The Page Turner: Don’t Bury Claude Chabrol Just Yet

Sure The Page Turner looks and sounds like an NPR junkie’s idea of thrill-crazy hothouse fare, but the title of Denis Dercourt’s cold-to-the-touch suspenser nods wittily to the potboiler material and motivations snaking around under its elegant furnishings. Melanie, the 10-year-old daughter of a poor butcher—a tip of the deerstalker, perhaps, to papa Claude Chabrol, whose icy exercises in genre mechanics are the movie’s clear antecedent—flubs her one chance at a scholarship when the concert-pianist judge (Catherine Frot as Ariane) disrupts her audition to sign an autograph.
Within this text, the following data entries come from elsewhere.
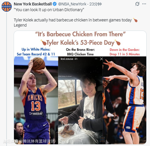 尼克斯媒体New York Basketball发文报说念了此事,金宝博还配发了科洛克享用烤鸡的图片。该媒体还写说念:“科洛克今天在两场比赛之间真吃了烤鸡,简直神奇的一刻。”
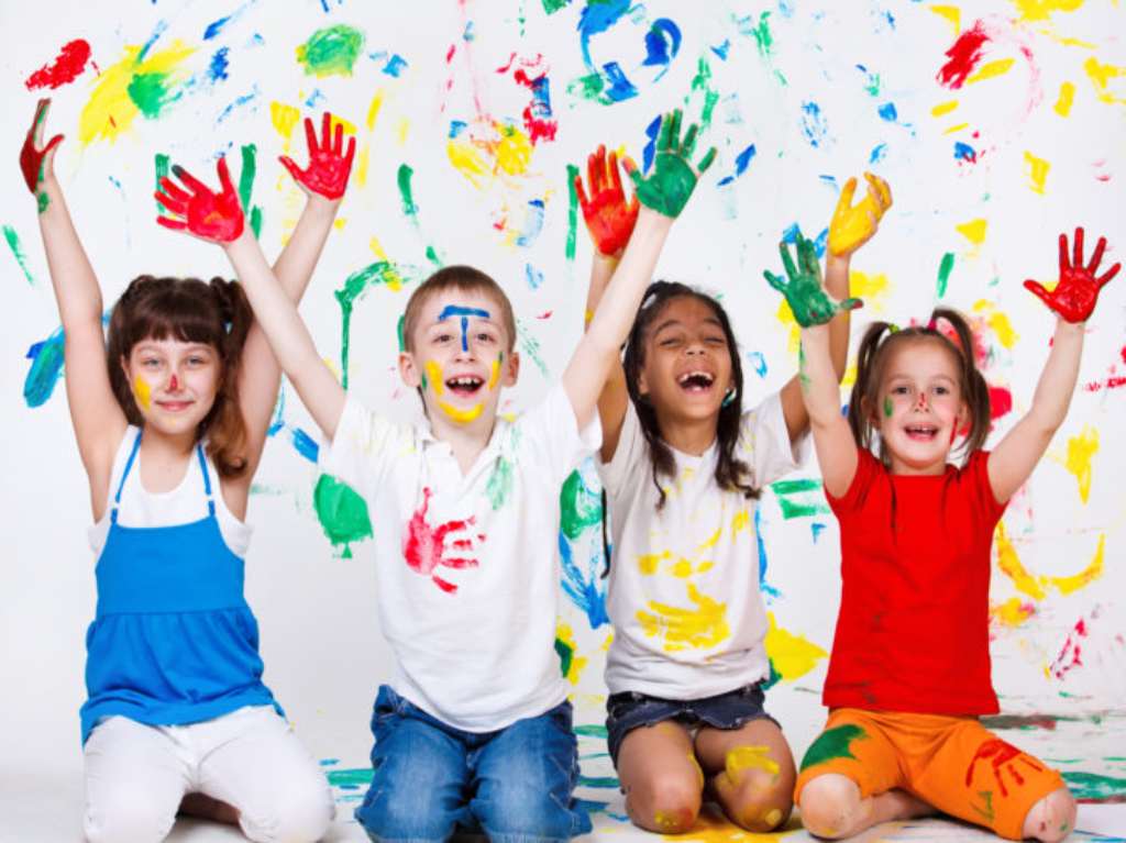 A group of cheerful kids with their palms and clothing painted
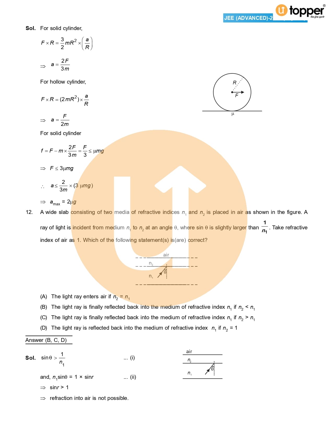 Utopper provides solutions to JEE Advanced Paper 1. These solutions come in PDF format with the free download option. These can also be availed online at Utopper’s learning portal. Both the Question Papers for JEE Advanced are compulsory for the students who clear JEE Main. These solved Paper 1 have solutions of Physics. JEE Advanced doesn’t have a fixed exam pattern. The number of questions asked in the exam paper varies every year with a surprise element. Variations of the questions remain almost the same and practising these solved papers will help you understand various types of questions asked.
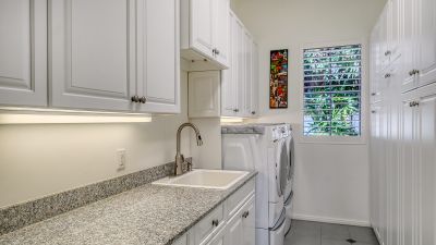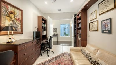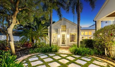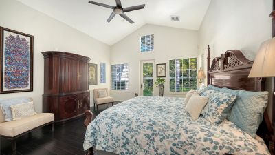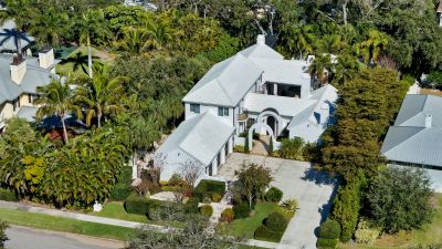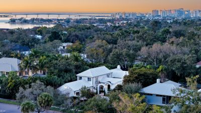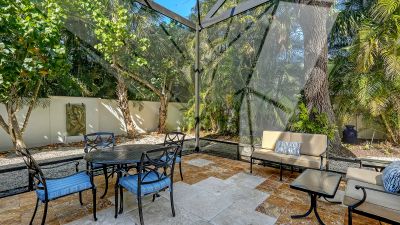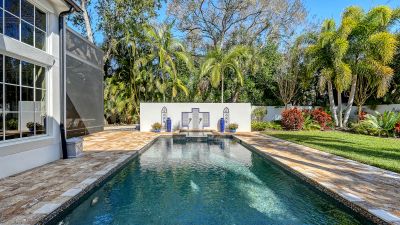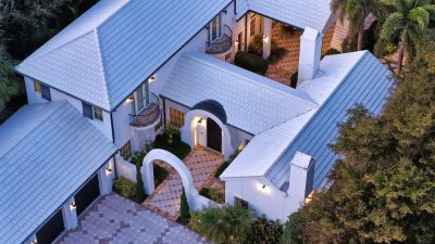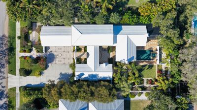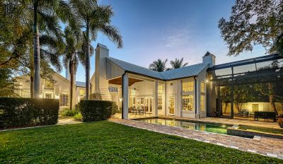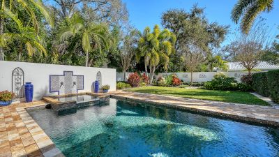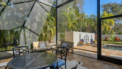 Recipient of eleven awards, including Residential Design and Build Design Excellence and Home of the Year by SRQ Magazine, this exceptional residence is the result of a thoughtful collaboration between Jonathan Parks Architect and Michael A. Gilkey Inc landscape designer. Located in one of Sarasota's oldest and most established neighborhoods, the home seamlessly blends a traditional 1920s architectural vocabulary with a modern appreciation for simplicity and precision. The result is a sophisticated four-bedroom residence with a British Colonial sensibility--elegant, timeless, and thoughtfully designed for today's lifestyle. Set on an unusually large 20,000-square-foot lot and located outside of any flood zone, the property offers a rare sense of space and privacy. An artistic pool and a series of designated outdoor living areas, framed by curated garden vignettes, complete this tranquil retreat. The striking foyer welcomes you with understated elegance, gleaming wood floors, and an immediate sense of refinement. Walls of glass define the main living spaces, filling the interior with natural light and highlighting the fireplace as a focal point. While the classic elements of a traditional home remain--stucco exterior, white roof, and ironwork details--the overall aesthetic is contemporary and quietly confident. Large windows and an open floor plan are designed to maximize light and create a seamless connection to the outdoors. A spacious screened patio offers an inviting setting for both relaxation and al fresco dining. Mature Mahoe trees, native to South Africa, line the exterior and rise gracefully to the level of the home's high windows, enhancing privacy and serenity. The primary suite occupies its own private wing on the first floor, complete with a secluded courtyard, while an ensuite guest bedroom and office balance the opposite wing. Upstairs, two additional ensuite bedrooms each enjoy private balconies overlooking the lush grounds. Throughout the home, a Zen-like sense of peace and tranquility prevails--a true sanctuary of thoughtful design and quiet luxury.
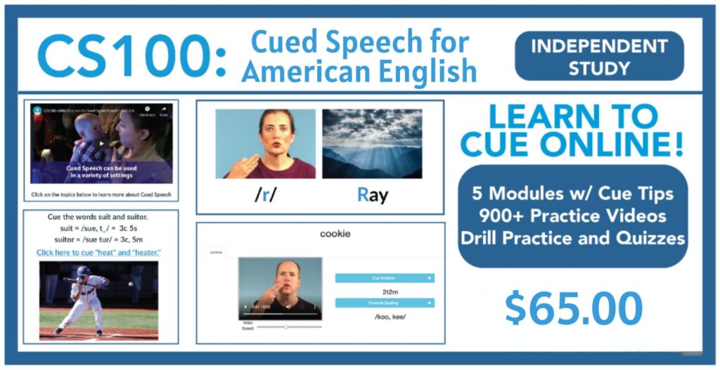 Get started right away with CS100 – Cued Speech for American English (formally titled Introduction to Cued American English) – Self-Study. CS100 is comprised of 5 modules, including a comprehensive introduction, followed by 14 lessons that cover all of the handshapes and hand placements of Cued American English, as well as basic rules, or “Cue Tips”, which govern use of the system. Students are provided with plenty of opportunities to memorize and practice the system: In total, students have access to over 900 videos demonstrating how to cue a wide range of phonemes (sounds), syllables, words, and phrases. This guided practice enables students to memorize the entire system, fine-tune their form, and develop a good beginning level of fluency. Get started today! It generally takes 15-25 hours to initially complete the course, but a full year of access is included with purchase.

Several years later, Ariane, beset by stage fright after a mysterious accident, prepares for her comeback. All she needs is someone to turn her sheet music for the concert—and there, handily enough, is her husband’s strangely watchful new teenage intern (Déborah François). Anyone who remembers The Hand That Rocks the Cradle will see the instruments of revenge laid out like cutlery in a slasher movie’s kitchen, and Dercourt’s overbright visual scheme aims for a Michael Haneke–esque bourgeois chill that comes off instead as curiously bloodless. But the well-chosen classical selections ratchet up the tension—Shostakovich makes a mean Bernard Herrmann—and François, so affecting as the teenage mother of the Dardenne brothers’ L’Enfant, proves equally effective as an opaque dose of pretty poison.